-------- DATA SUPPLIED --------
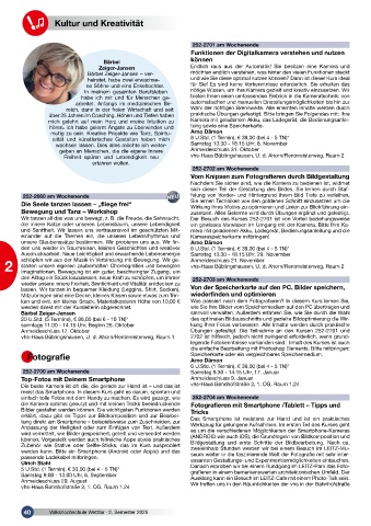 ken und evtl. ein kleiner Snack. Materialkostenin Höhe von 10,00 € Was passiert nach dem Fotografieren? In diesem Kurs lernen Sie,
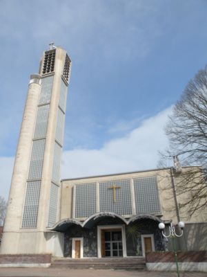 The church construction began in 1955 under architect André Lurçat's direction as part of the post-war reconstruction program and received consecration in 1958.
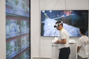 (250930) -- SHANGHAI, 30 septiembre, 2025 (Xinhua) -- Un visitante participa en una experiencia de realidad virtual durante una exposición...
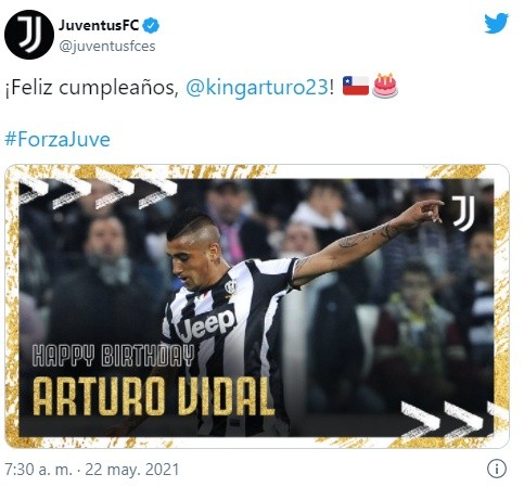 Uno de los primeros en saludar al Rey Arturo fue su club, el Inter de Milán: “felicidades, feliz cumpleaños”, escribió el equipo italiano en su cuenta oficial de Twitter.
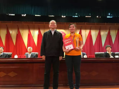 高勇為大賽第一名菅敏頒獎,他希望紡織職工要形成刻苦學習,崇尚技能,立志成才的好風氣, 通過學習、練兵、競賽培養出更多更好的高技能人才。 獲得前六名的選手還獲得了“全國紡織行業技術能手”稱號,獎金由紡織之光科技教育基金會給予支持。
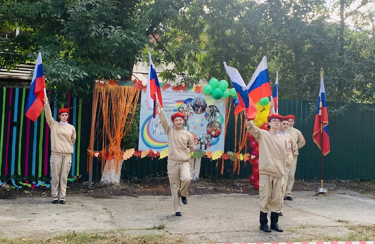 Ребят и их родителей поприветствовала Татьяна Владимировна Причепа - начальник управления образования г. Гусь-Хрустальный. Директор Центра Алла Витальевна Рыбина пожелала новым воспитанникам творческих успехов, достижения новых высот, отличного настроения. Даже дождь и холодная погода не помешали состояться детскому празднику.
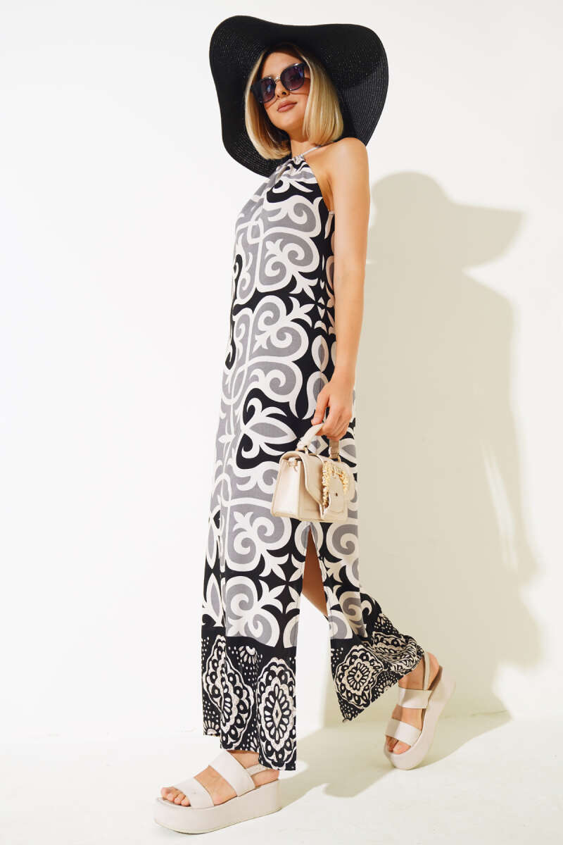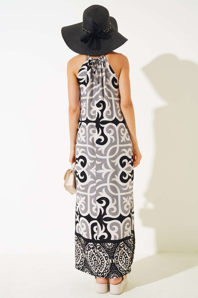 Yeni sezon elbisemiz etnik desenlidir. İp askılı elbisemizin askıları sayesinde yakası büzgülenebilmektedir. Etek uçlarının yanları derin yırtmaçlıdır. Yaz için favori olan elbisemiz mutlaka dolabınızda bulunmalıdır.
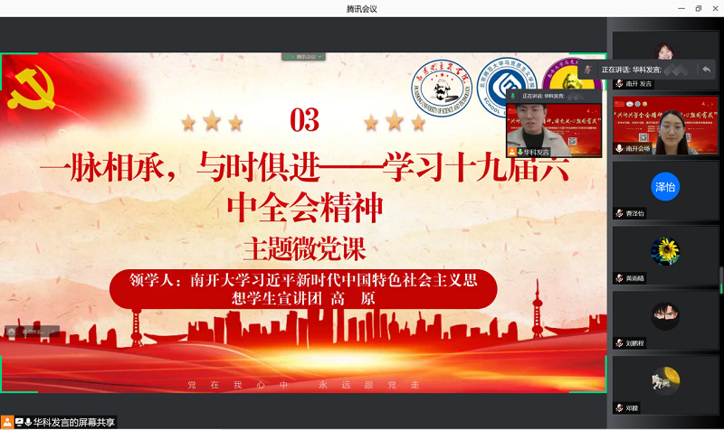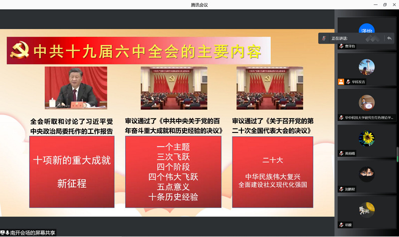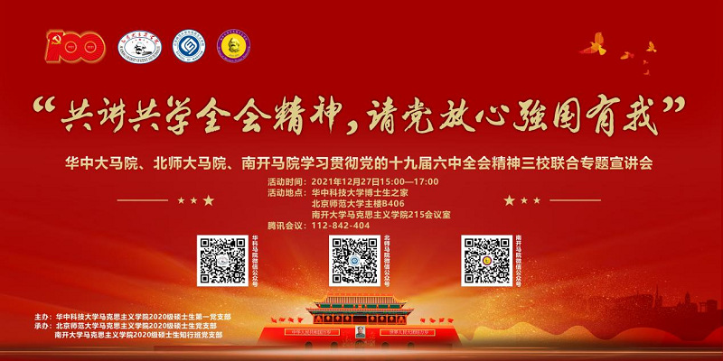 为深入学习贯彻党的十九届六中全会精神,落实习近平总书记关于“党史学习教育”的重要指示,深化“不忘初心、牢记使命”主题教育成果,传承红色基因、发扬红色精神、砥砺政治品格,2021年12月27日,太阳成集团tyc33455cc欢迎您、北京师范大学、华中科技大学三校太阳成集团tyc33455cc官方网站研究生党支部联合举办“共讲共学全会精神,请党放心强国有我”学习贯彻十九届六中全会精神专题宣讲会。此次宣讲会以线上的形式举办,共计100余人参加。
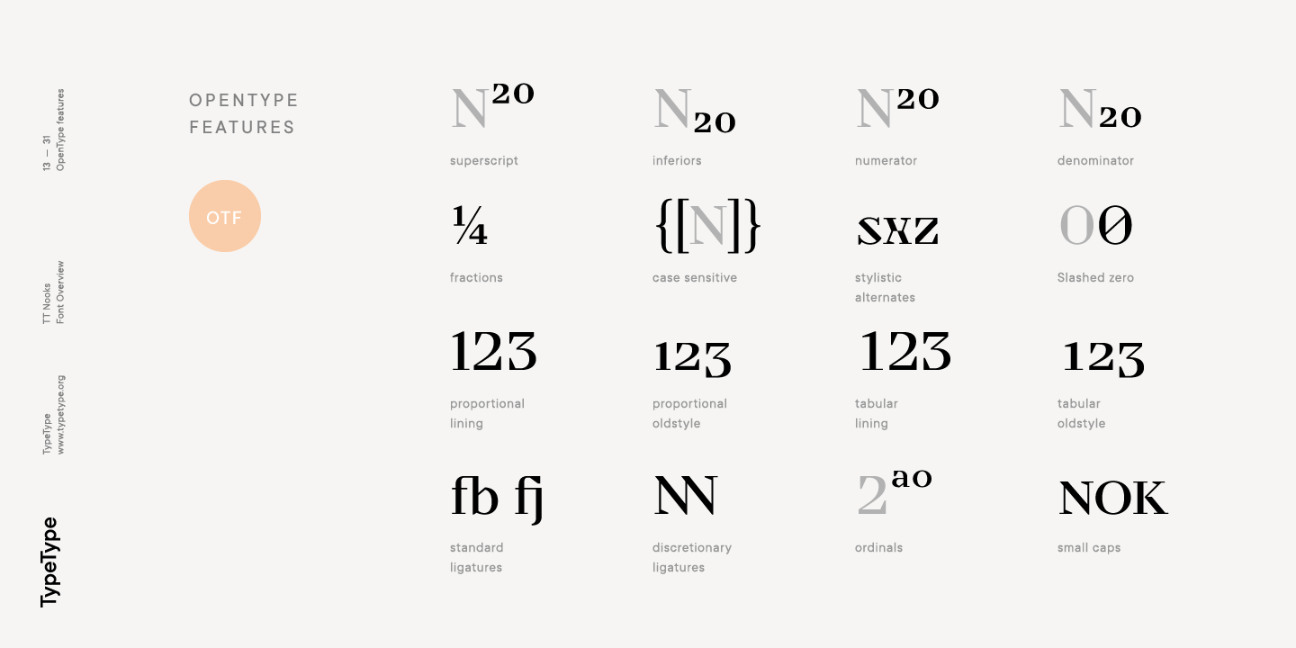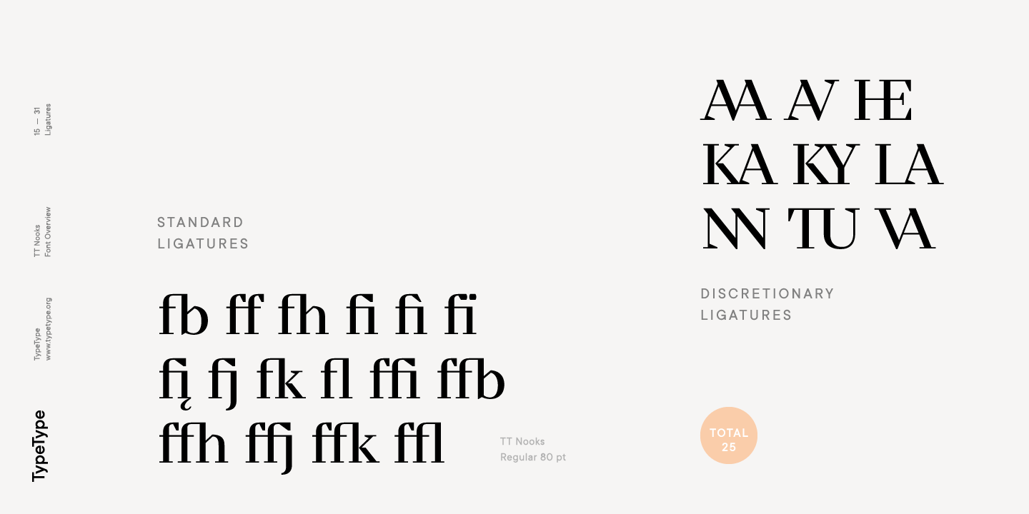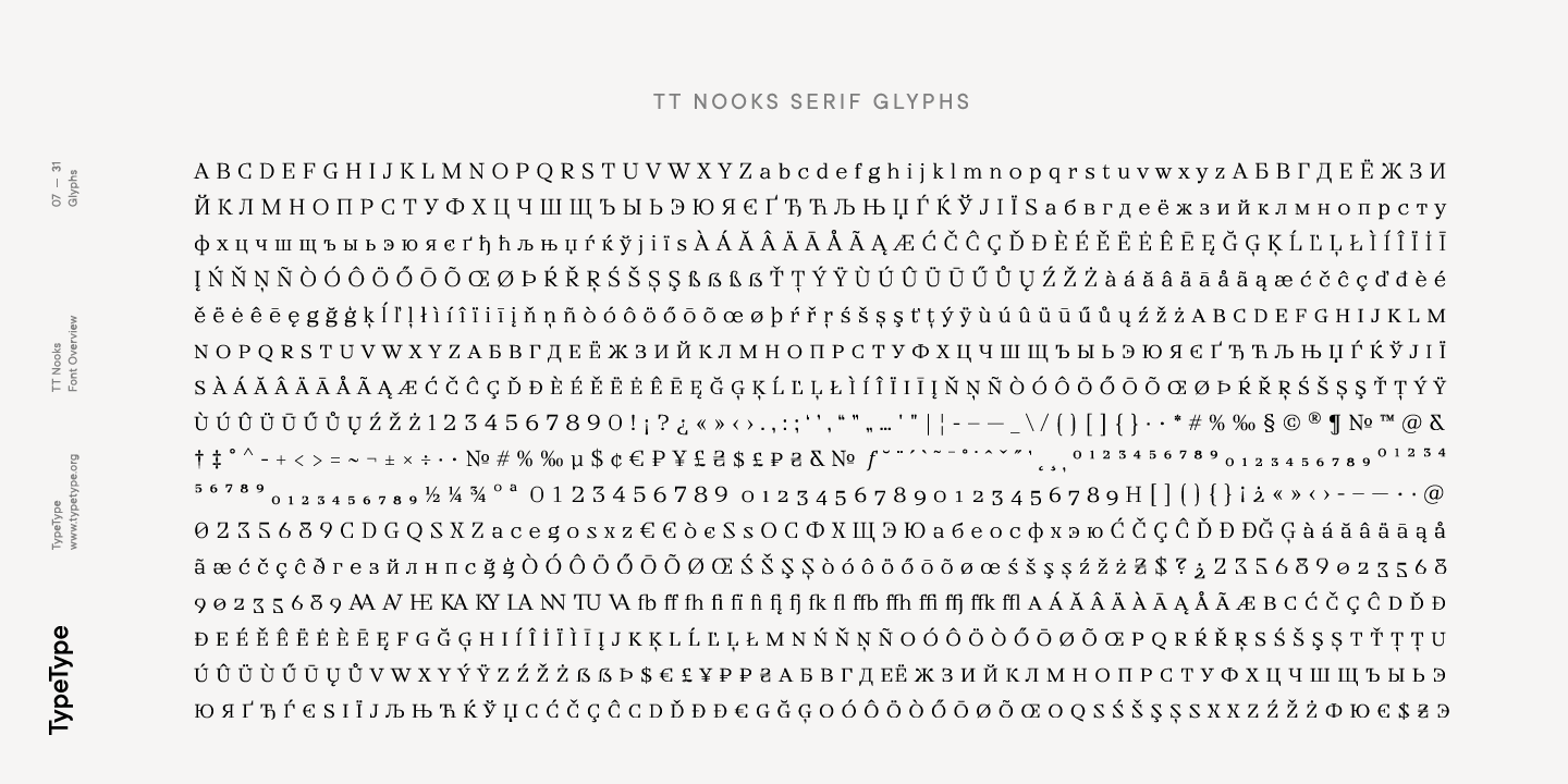 Die Serifen in TT Nooks heben sich durch ihre geometrische Form, die an Hausschuhe erinnert, besonders deutlich ab. Zusätzlich zu ihrer Besonderheit verleihen diese Serifen der Schrift Stabilität und ermöglichen einen besseren Ausgleich des Schwarz-Weiß-Verhältnisses innerhalb der Buchstaben. TT Nooks verfügt über Kapitälchen für das lateinische und kyrillische Alphabet sowie über eine Reihe von stilistischen Alternativen (einschließlich einiger Ziffern), die die Schrift etwas geometrischer machen. Darüber hinaus haben wir mehr als 25 Ligaturen gezeichnet, darunter Ligaturen für Großbuchstaben, geschlitzte Nullen und viele andere nützliche OpenType-Funktionen.
--------
▶ [WHAT THE TASK ASKS] An exact repeat of the listing above, pictures excluded, is the answer.

▶ [RESPONSE FOR THIS EXERCISE]
 ken und evtl. ein kleiner Snack. Materialkostenin Höhe von 10,00 € Was passiert nach dem Fotografieren? In diesem Kurs lernen Sie,
 The church construction began in 1955 under architect André Lurçat's direction as part of the post-war reconstruction program and received consecration in 1958.
 (250930) -- SHANGHAI, 30 septiembre, 2025 (Xinhua) -- Un visitante participa en una experiencia de realidad virtual durante una exposición...
 Uno de los primeros en saludar al Rey Arturo fue su club, el Inter de Milán: “felicidades, feliz cumpleaños”, escribió el equipo italiano en su cuenta oficial de Twitter.
 高勇為大賽第一名菅敏頒獎,他希望紡織職工要形成刻苦學習,崇尚技能,立志成才的好風氣, 通過學習、練兵、競賽培養出更多更好的高技能人才。 獲得前六名的選手還獲得了“全國紡織行業技術能手”稱號,獎金由紡織之光科技教育基金會給予支持。
 Ребят и их родителей поприветствовала Татьяна Владимировна Причепа - начальник управления образования г. Гусь-Хрустальный. Директор Центра Алла Витальевна Рыбина пожелала новым воспитанникам творческих успехов, достижения новых высот, отличного настроения. Даже дождь и холодная погода не помешали состояться детскому празднику.
 Yeni sezon elbisemiz etnik desenlidir. İp askılı elbisemizin askıları sayesinde yakası büzgülenebilmektedir. Etek uçlarının yanları derin yırtmaçlıdır. Yaz için favori olan elbisemiz mutlaka dolabınızda bulunmalıdır.
 为深入学习贯彻党的十九届六中全会精神,落实习近平总书记关于“党史学习教育”的重要指示,深化“不忘初心、牢记使命”主题教育成果,传承红色基因、发扬红色精神、砥砺政治品格,2021年12月27日,太阳成集团tyc33455cc欢迎您、北京师范大学、华中科技大学三校太阳成集团tyc33455cc官方网站研究生党支部联合举办“共讲共学全会精神,请党放心强国有我”学习贯彻十九届六中全会精神专题宣讲会。此次宣讲会以线上的形式举办,共计100余人参加。
 Die Serifen in TT Nooks heben sich durch ihre geometrische Form, die an Hausschuhe erinnert, besonders deutlich ab. Zusätzlich zu ihrer Besonderheit verleihen diese Serifen der Schrift Stabilität und ermöglichen einen besseren Ausgleich des Schwarz-Weiß-Verhältnisses innerhalb der Buchstaben. TT Nooks verfügt über Kapitälchen für das lateinische und kyrillische Alphabet sowie über eine Reihe von stilistischen Alternativen (einschließlich einiger Ziffern), die die Schrift etwas geometrischer machen. Darüber hinaus haben wir mehr als 25 Ligaturen gezeichnet, darunter Ligaturen für Großbuchstaben, geschlitzte Nullen und viele andere nützliche OpenType-Funktionen.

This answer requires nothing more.